I agree that using macros in a C++ code is a bit awkward but wxWidgets was desigend far before the advanced C++ language features.
Yes, they are using this well-known excuse for many years now. I think it is quite a lame excuse, if you will padon my saying so.
It's like saying "Yeah I know asbestos causes lung cancer, but I don't care because I built my house before that was discovered".
I mean, seriously, what kind of an exuse is that...
It is true that macros have a good use. Sometimes, rarely, but yes they do.

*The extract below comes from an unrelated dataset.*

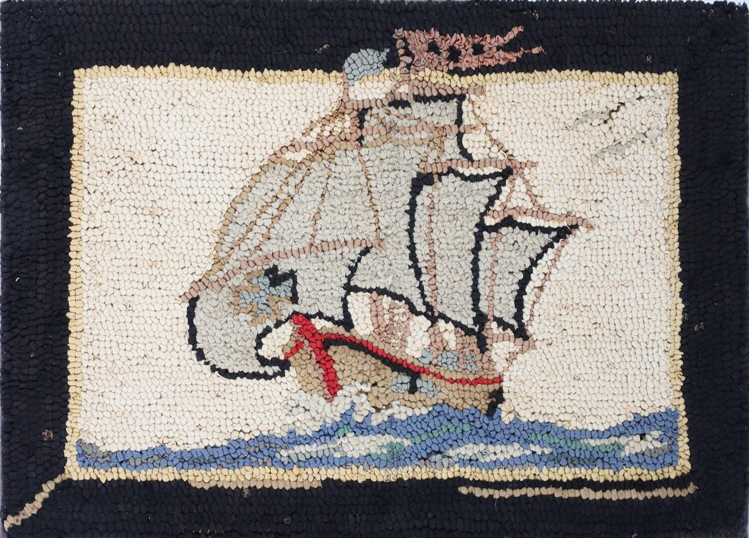 Three Antique Clipper Ship Hooked Rug Mounted on Boards

However, there is simply no excuse, except being plain ignorant or lazy (or both), why someone would insist on writing DEFINE_BLAH(SomeClass) instead of deriving from a base template.
I would not mind if the answer was "yeah sorry, we know about it, but we did not have the time to fix it". But the (transliterated) answer "hey, we were here first, screw those
art nouveau C++ features" is not satisfying.
The same is true for macros like
XRCID and
XRCCTRL, and many others.
They are not only unnecessary and unsafe, some of them are strictly speaking illegal, as they call a macro from inside a macro. As it happens, it (accidentially) still works, but only if the order of inclusion is done correctly (...and is that a good thing?).
Another example:
How many programmers have fallen for
wxMessageBox and
wxMessageDialog! The former returns
wxOK, but the latter returns
wxID_OK, which are, as it happens, different numeric values. Fair enough, they are different constants, but they look similar enough so they can be easily confused. What happens? Nothing. No error, no anything... except your program does not work as expected.
If constants like these were typed as
enums, then the compiler would not allow you to make such a mistake at all. That's why compilers are so pedantic, it really helps to avoid stupid errors.
I agree that it is absolutely not trivial to implement such massive changes on a huge thing like wxWidgets. However simply saying "hey, it's been like that for 20 years" is not good.